▶ **PROBLEM REQUIREMENTS**
Send back the data below exactly. Drop every picture.

▶ **PROVIDED DATA**
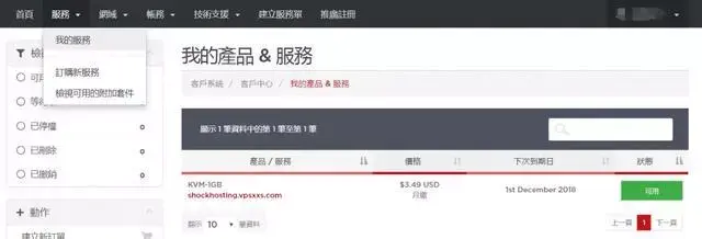 接下来在导航的“服务”“我的服务”这里就可以看到刚才购买的VPS了!这时候也会收到邮件,邮件里有服务器各种信息如服务器密码、端口,VNC管理平台信息等。
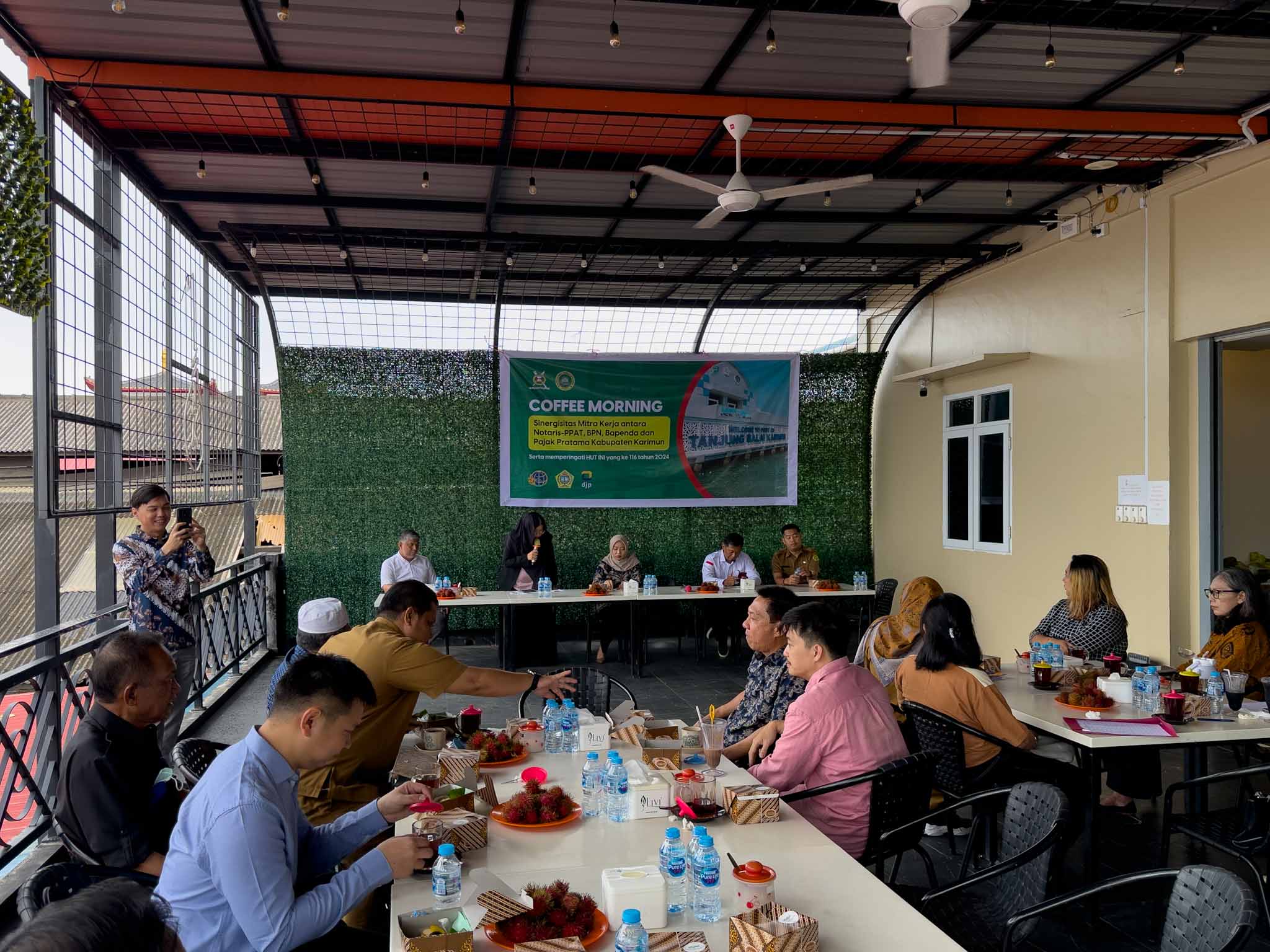 Coffee morning yang bertujuan untuk meningkatkan sinergi antara notaris, Badan Pertanahan Nasional (BPN) Karimun, Badan Pendapatan Daerah (Bapenda) Kabupaten Karimun serta KPP Pratama Tanjung Balai Karimun. Acara dihadiri oleh Ketua Pengurus INI Wilayah Karimun Zul Fahri, perwakilan BPN Karimun, perwakilan dari Bapenda Kabupaten Karimun, serta narasumber dari KPP Pratama Tanjung Balai Karimun yang diwakili oleh Fungsional Asisten Penyuluh Pajak Mahir Evva Yulinda.
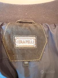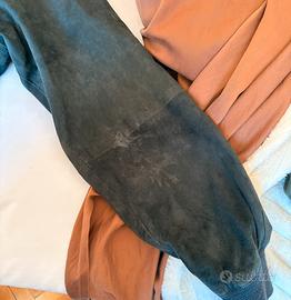 Giubbotto in renna taglia 50 colore verde scuro. Modello classico 2 tasche frontali con patta e bottone nentre all’interno altre 2 tasche una con chiusura a zip l’altra con bottone. Difetto una macchia sulla nanica sinistra (ultima foto)
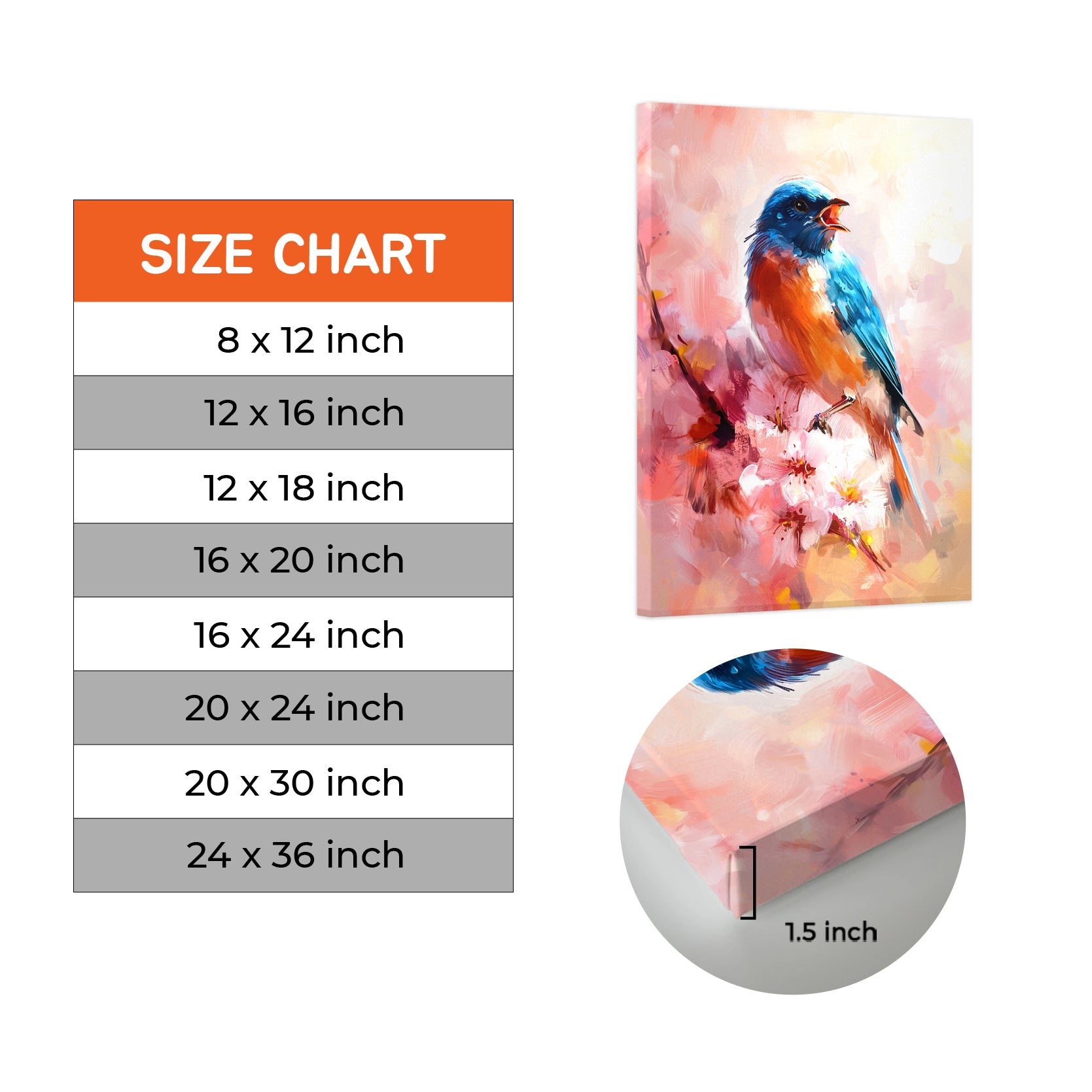 Bring serene natural beauty into your home with this captivating canvas wall art featuring a singing bluebird nestled among delicate spring cherry blossoms. The soft, harmonious composition creates a peaceful focal point perfect for living rooms, bedrooms, or above sofas. Rendered in gentle pastels and refined detail, this print captures the essence of springtime renewal and tranquility. Ideal for those seeking to elevate their interior aesthetic with nature-inspired artwork that combines artistic sophistication with timeless appeal. A versatile decorative piece that complements both contemporary and traditional home settings.

▶ **YOUR RESPONSE**
 接下来在导航的“服务”“我的服务”这里就可以看到刚才购买的VPS了!这时候也会收到邮件,邮件里有服务器各种信息如服务器密码、端口,VNC管理平台信息等。
 Coffee morning yang bertujuan untuk meningkatkan sinergi antara notaris, Badan Pertanahan Nasional (BPN) Karimun, Badan Pendapatan Daerah (Bapenda) Kabupaten Karimun serta KPP Pratama Tanjung Balai Karimun. Acara dihadiri oleh Ketua Pengurus INI Wilayah Karimun Zul Fahri, perwakilan BPN Karimun, perwakilan dari Bapenda Kabupaten Karimun, serta narasumber dari KPP Pratama Tanjung Balai Karimun yang diwakili oleh Fungsional Asisten Penyuluh Pajak Mahir Evva Yulinda.
 Giubbotto in renna taglia 50 colore verde scuro. Modello classico 2 tasche frontali con patta e bottone nentre all’interno altre 2 tasche una con chiusura a zip l’altra con bottone. Difetto una macchia sulla nanica sinistra (ultima foto)
 Bring serene natural beauty into your home with this captivating canvas wall art featuring a singing bluebird nestled among delicate spring cherry blossoms. The soft, harmonious composition creates a peaceful focal point perfect for living rooms, bedrooms, or above sofas. Rendered in gentle pastels and refined detail, this print captures the essence of springtime renewal and tranquility. Ideal for those seeking to elevate their interior aesthetic with nature-inspired artwork that combines artistic sophistication with timeless appeal. A versatile decorative piece that complements both contemporary and traditional home settings.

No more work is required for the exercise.